Small fine for a small mistake
Casinos keep track of every little thing. Everything. Casinos are all about numbers, whether it comes to money or the games themselves, so everything is about counting. Nothing goes unnoticed, uncounted, uncatalogued. That’s why the failure to spot one single playing card at a casino in Deadwood, South Dakota resulted in fines and a suspending gaming license.

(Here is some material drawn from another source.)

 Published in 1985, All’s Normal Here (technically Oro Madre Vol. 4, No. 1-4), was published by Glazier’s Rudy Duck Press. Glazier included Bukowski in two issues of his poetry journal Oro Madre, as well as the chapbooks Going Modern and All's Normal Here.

On Wednesday, the South Dakota Commission on Gaming fined the Deadwood Mountain Grand casino $1,260 and the casino itself is issuing $5,290 in refunds to customers because a blackjack game ran for 12 hours on December 18 without a King of Diamonds.
A bit of a fluke mishap
In a letter to Susan Christian, the commission’s executive secretary, Susan Kightlinger, the casino’s manager, wrote that a blackjack dealer let a customer cut the deck. It sounds like this is a normal thing for a dealer to do, but the problem was that the dealer inadvertently fumbled the deck and cards spilled all over the place. The dealer gathered the cards back up, reshuffled them, and continued the game.

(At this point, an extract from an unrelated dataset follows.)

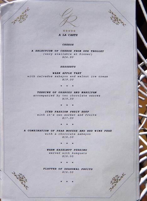 1994 war ich in verschiedenen Teilen Südafrikas unterwegs, um wieder einmal für das Reisebuch "Erlebnis südliches Südafrika" zu recherchieren. Dabei kam es zu erfreulichen kulinarischen Begegnungen, wie die hier abgelichteten Speisenkarten andeuten. Mehr davon, allerdings nur per Prosa, im Papierbuch oder in den Südafrika-Ebooks. Gefunden, verspeist und gut verdaut in: ... den beiden Restaurants "Crystal Court" und "Villa del Palazzo" im Resort The Palace of The Lost City Sun City, Südafrika...
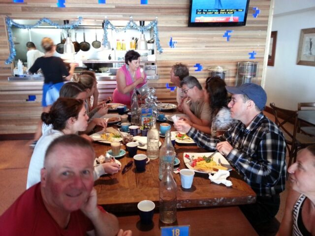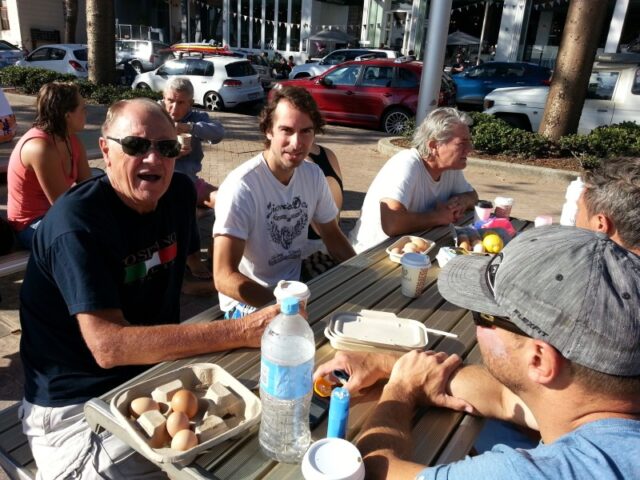 At 6.03 Clare, Jordon, Mark and I went in pursuit of Sterling and Sophie who left at 5:58 but we never saw them again until they turned up at the table of knowledge. At QC Mark returned as he had to go to work. The remaining 3 went on to Freshie then headed for home with Jordon taking a long s snake track route to catch the on shore drifts. We took a break at the club house to find Claire’s sister Ally as Jordon went home for babysitting duties. The remaining 3 took the scenic route to Shelly, meeting Lesley near the pool. We finally returned to Manly at 7.55 completing the 6k in less than two hours – not a bad workout as part of Claire’s preparation for the 20k Rottnest swim in Feb. Aprรจs swim, enjoyed Claire’s famous brownies, with strawberries, at the table of knowledge.

At about 3:00am December 19, the table closed and the cards were counted. That’s when employees discovered that the King of Diamonds was missing. They checked the security footage and saw that at 3:15pm, the card lodged in a stool and nobody noticed. There it sat for 12 hours.
Kightlinger said that the players at that table will be identified and refunded their losses.

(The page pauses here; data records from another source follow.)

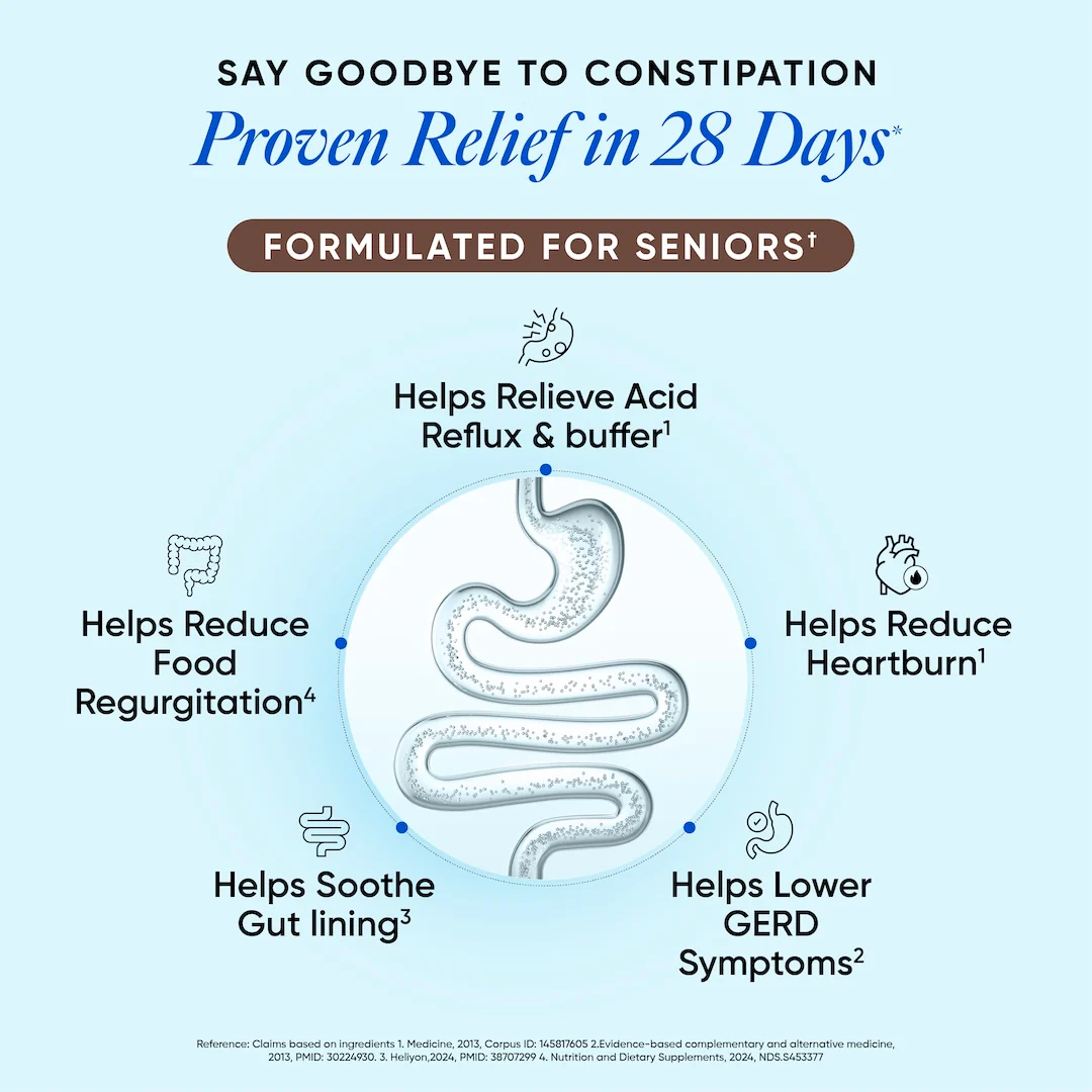 Acidity Calm is a thoughtfully formulated daily solution for seniors seeking gentle relief from acidity, heartburn, and reflux discomfort. Built on an advanced 8-in-1 gut actives system, it addresses acid imbalance and digestive irritation through a single, balanced formulation. Powered by clinically validated Gutgard®, cooling herbs like Peppermint, Ginger and Aloe Vera, and mineral-rich Kelp, it helps protect the gut lining, reduce post-meal discomfort, and support efficient digestion. Free from added sugar, non-habit forming, and third-party tested for daily, long-term use.
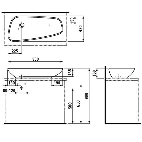 Раковина накладная Laufen Palomba 8.1680.1.000.112.1 90х42х16 см
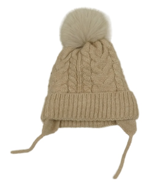 Svetlobéžová vzorovaná pletená podšitá čapica s brmbolcom
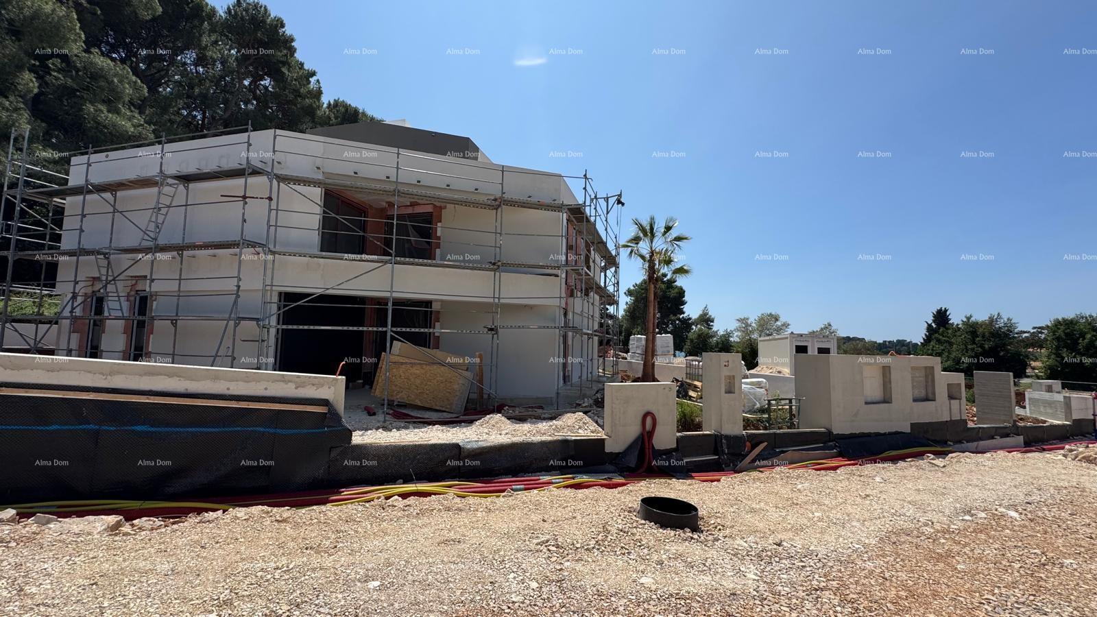 Description: Modern villa for sale in Rovinj. Villa with elevator, surface area 316 m2, consists of ground floor, first floor and attic. It is located on a plot of 1180 m2 and consists of a spacious living room, which is connected to a large covered terrace, a luxurious Poliform kitchen equipped with high-end appliances, three bedrooms with private bathrooms, wardrobes and covered terraces. Roof terrace with jacuzzi, sauna, emotional shower, bar, toilet and green garden. Covered terraces - 164 m². Open terraces - 105 m².

Pit boss James Jenkins also wrote a letter to explain what happened. He said a “small amount” of cards fell off the table, retrieved by a restaurant employee who happened to be walking by and given to the dealer before Jenkins arrived at the table.
Casino will conduct timelier counts in the future
“I double checked the floor and surrounding area to make sure I didn’t miss any of the cards and went on with the game,” Jenkins explained. “At the time I didn’t think of taking the shoe off the table and verifying all six decks to make sure all the cards were there and just giving him six different decks to verify and move on with the game.”
Jenkins continued, saying it was an honest mistake, that the card wasn’t stolen or tossed off the table on purpose, but it unfortunately ended up between the seat and backrest of a chair where nobody could see it.
“I feel really bad for what happened and I will make sure it never happens again,” he apologized.
Because the buck ultimate stops with Jenkins as the man in charge of the dealers, he was fined $50 and has had his gaming licenses suspended for seven days.
The commissioners voted unanimously on the punishments. The $1,260 fine is the amount of money lost by players who could not be identified.